During the quarter, Getinge appointed Pernille Fabricius as new Chief Financial Officer (CFO) of the Group. Pernille Fabricius will be part of Getinge Group management and will succeed Ulf Grunander, who has decided to retire after 23 years as CFO of Getinge. Pernille Fabricius brings a broad finance toolbox with solid international experience from all areas of the CFO function. She most recently served as an independent advisor to Silverfleet Capital among others. Previously, she has served as Global CFO of Damco International (part of AP Møller Maersk), Group CFO and Partner of TMF Group and Senior Vice President of ISS World Services A/S. Pernille is a Danish citizen and has been based in such cities as London, Dubai and the Hague. She holds an MSc in Auditing and Accounting, an MSc in Finance, an MBA and a LLM in European Union Law from CBS in Copenhagen and Leicester University in the UK. Pernille will assume her new position as CFO of Getinge Group on February 22, 2016. Ulf will continue to contribute to the Group as a senior advisor up until the 2016 Annual General Meeting.

FINANCIAL POSITION

Operating cash flow for the full-year amounted to SEK 3,458 M (3,473), corresponding to a cash conversion of 66,7% (72,9%). Taxes paid during the year amounted to SEK -858 M (-790). The Group's cash and cash equivalents amounted to SEK 1,468 M compared with SEK 1,482 M in December 2014. Interest-bearing net debt at the end of the period amounted to SEK 22,867 M compared with SEK 22,541 M in December 2014. Cash flow was impacted by dividends to shareholders, including non-controlling interests, amounting to SEK -691 M (-993) and by net investments of SEK -1,352 M (-1,166).

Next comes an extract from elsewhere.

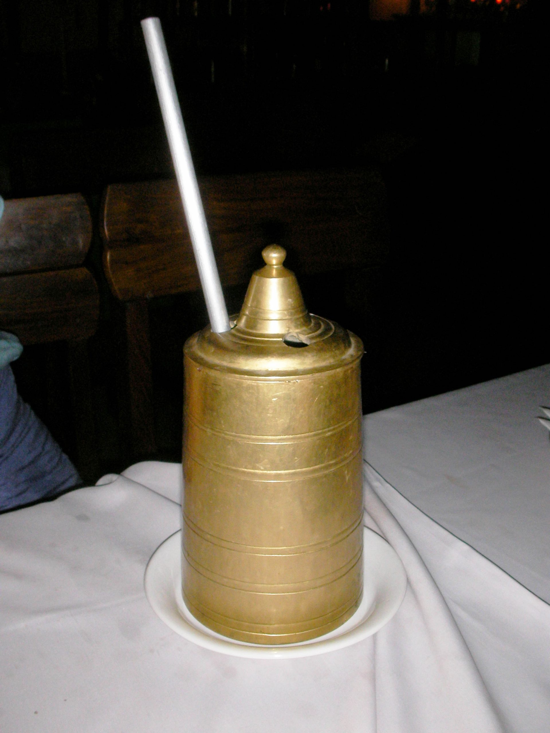 トンバが容器から減ってきたら、そこに熱湯を注いで、トンバを増やすことができる。ビールを増殖できるとは驚きだ。温かいお酒だからなのか、少量でも酔いが早い。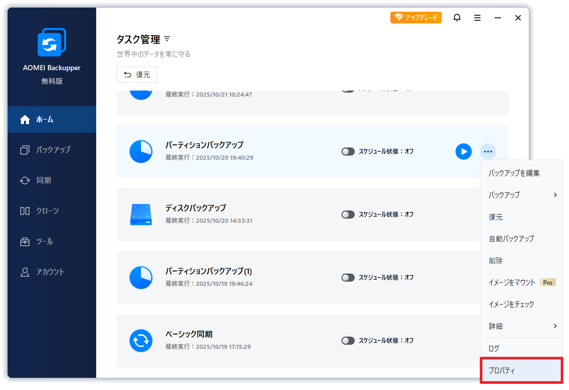 「ホーム 」タブで、対象のバックアップタスクを選択して、「プロパティ」をクリックします。

The equity/assets ratio amounted to 36.8%, compared with 35.4% in December 2014.

NET SALES AND EBITA MARGIN

Medical Systems business area

The Medical Systems product range includes operating room equipment, intensive care units and cath labs, instruments and implants for cardiovascular surgery, anesthesia equipment and ventilators, as well as advanced products for the minimally invasive treatment of cardiovascular diseases.

ORDER INTAKE

The organic order intake fell during the quarter and the decline amounted to -2.1% (4.2). The negative trend was primarily driven by a weak order intake in the Surgical Workplaces division and parts of the Cardiovascular division, where Atrium in particular reported a weak order intake for the quarter. However, the order intake in the Critical Care division was favorable. In terms of geographic performance, the order intake was generally positive in the Western European market, with an organic year-on-year increase of 1.5%. The Nordic countries performed particularly well during the quarter. The order intake also increased 1.6% in the North American market, mainly driven by a positive order intake in Canada. Performance in the US was in line with the preceding year. In the markets outside Western Europe and North America, the order intake was weak, down -8.0%. The trend in the BRIC countries was in line with the third quarter, with an increase in India and China, but continued challenges in Brazil and Russia.

ORDER INTAKE PER MARKET

Order Intake, MSEK Q4
2015
Q4
2014
Change
%*
Jan-Dec
2015
Jan-Dec
2014
Change
%*
Western Europe 1 301 1 265 1.5% 4 499 4 259 1.3%
USA and Canada 1 596 1 391 1.6% 6 031 4 741 5.0%
Rest of the world 1 567 1 633 -8.0% 5 505 5 061 -0.5%
Business Area total 4 464 4 289 -2.1% 16 035 14 061 1.9%

* adjusted for currency rates, acquisitions and divestments

RESULTS

Medical Systems' net sales increased organically by 3.1% (0.8). The business area reported a positive sales trend in all product segments, with particularly high sales noted in the Cardiovascular division. The exception was sales for Atrium which were adversely affected by the Consent Decree with the FDA.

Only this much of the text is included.